主人公のフェリシアは、アイルランドを出たこともない17歳の少女。貧困、失業、飲酒、頑固な父親、カトリックの支配・・といういかにもアイルランド的な環境の中にいるフェリシアは、パブで出会った男性と恋に落ちて妊娠。しかも恋人は妊娠も知らず、連絡先も教えないままでイングランドに出稼ぎに!

バーミンガム近郊の芝刈り機工場に勤めているという、信憑性のない情報を頼りにフェリシアは家出し、恋人を探しにイングランドへと向かいますが、見つかるはずもありません。

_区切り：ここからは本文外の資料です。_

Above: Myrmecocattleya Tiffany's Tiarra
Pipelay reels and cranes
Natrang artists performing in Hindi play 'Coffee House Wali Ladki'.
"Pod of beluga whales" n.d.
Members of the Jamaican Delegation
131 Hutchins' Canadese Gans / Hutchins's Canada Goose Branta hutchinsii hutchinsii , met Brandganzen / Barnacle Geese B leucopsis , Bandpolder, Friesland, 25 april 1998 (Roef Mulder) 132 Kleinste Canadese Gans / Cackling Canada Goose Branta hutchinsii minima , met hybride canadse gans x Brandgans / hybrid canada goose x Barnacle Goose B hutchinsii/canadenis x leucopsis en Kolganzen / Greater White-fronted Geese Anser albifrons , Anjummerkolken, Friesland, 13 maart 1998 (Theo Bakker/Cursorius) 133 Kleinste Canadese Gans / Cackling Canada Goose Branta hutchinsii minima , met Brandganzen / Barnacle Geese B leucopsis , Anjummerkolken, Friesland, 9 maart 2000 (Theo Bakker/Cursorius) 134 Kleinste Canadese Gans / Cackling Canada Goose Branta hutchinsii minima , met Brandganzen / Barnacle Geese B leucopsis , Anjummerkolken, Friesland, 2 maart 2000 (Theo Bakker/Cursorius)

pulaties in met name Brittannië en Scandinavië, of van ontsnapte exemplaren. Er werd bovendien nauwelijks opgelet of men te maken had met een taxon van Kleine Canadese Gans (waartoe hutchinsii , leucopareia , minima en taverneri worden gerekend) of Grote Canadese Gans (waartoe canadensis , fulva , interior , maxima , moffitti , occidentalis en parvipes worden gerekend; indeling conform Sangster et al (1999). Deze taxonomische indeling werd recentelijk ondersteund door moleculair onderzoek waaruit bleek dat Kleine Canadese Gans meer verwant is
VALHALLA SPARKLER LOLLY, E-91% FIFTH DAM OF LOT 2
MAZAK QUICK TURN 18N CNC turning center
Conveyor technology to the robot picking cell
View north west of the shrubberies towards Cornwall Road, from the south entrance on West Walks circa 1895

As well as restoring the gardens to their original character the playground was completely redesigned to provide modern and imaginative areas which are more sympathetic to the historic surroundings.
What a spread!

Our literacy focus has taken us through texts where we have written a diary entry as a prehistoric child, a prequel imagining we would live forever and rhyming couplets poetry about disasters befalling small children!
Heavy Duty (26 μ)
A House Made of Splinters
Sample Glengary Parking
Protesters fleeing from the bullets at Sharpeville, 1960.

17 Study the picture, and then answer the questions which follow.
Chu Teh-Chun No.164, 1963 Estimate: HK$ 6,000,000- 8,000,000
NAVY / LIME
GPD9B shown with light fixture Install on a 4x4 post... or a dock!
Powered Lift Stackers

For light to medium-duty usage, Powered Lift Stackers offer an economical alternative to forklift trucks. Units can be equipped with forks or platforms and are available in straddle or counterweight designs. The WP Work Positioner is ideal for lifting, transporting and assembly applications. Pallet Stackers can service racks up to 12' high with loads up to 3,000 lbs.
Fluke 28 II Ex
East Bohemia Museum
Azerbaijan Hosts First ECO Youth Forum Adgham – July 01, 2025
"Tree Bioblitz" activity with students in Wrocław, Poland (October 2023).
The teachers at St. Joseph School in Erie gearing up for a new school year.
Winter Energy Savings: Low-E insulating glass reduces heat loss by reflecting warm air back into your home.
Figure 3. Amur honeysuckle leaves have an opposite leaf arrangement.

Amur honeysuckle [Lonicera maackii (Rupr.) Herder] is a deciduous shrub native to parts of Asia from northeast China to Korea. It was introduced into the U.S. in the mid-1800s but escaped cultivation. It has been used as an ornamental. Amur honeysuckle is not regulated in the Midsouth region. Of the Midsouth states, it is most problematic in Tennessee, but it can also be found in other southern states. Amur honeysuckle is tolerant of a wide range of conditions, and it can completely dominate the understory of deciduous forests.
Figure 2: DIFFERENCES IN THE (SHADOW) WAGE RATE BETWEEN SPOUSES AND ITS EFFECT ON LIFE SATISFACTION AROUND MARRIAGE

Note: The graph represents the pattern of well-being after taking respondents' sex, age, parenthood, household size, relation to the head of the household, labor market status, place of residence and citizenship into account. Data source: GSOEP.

では、この小説は愚かな少女の転落劇なのでしょうか。

そこに近づいてきたのが、歪んだ性癖を持つ中年男ヒルディッチ。父親然として家出娘に近づいて保護し、感謝されることに喜びを覚え、彼女らが去ろうとすると・・殺害してきたという男でした。では、この小説はサイコ・ホラーなのでしょうか。映画化時の主演はボブ・ホスキンスですし!

でも、最後まで読むと「フェリシアの旅」というタイトルに込められた意味がわかってきます。決して普通のハッピーエンドではありませんし、むしろ悲惨とも思える結末ですが、彼女がはじめて自由を感じているということは伝わります。サイコパスからも、不実な恋人からも、そしてアイルランド的な悲惨さからも逃れて・・。

でも巨匠に向かって言うことではありませんが、この著者は短編の方がいいですね。登場人物の心の奥底で揺れ動く感情を短い表現で鮮やかにすくい取るような手際のよさは、短編にこそ向いているように思えます。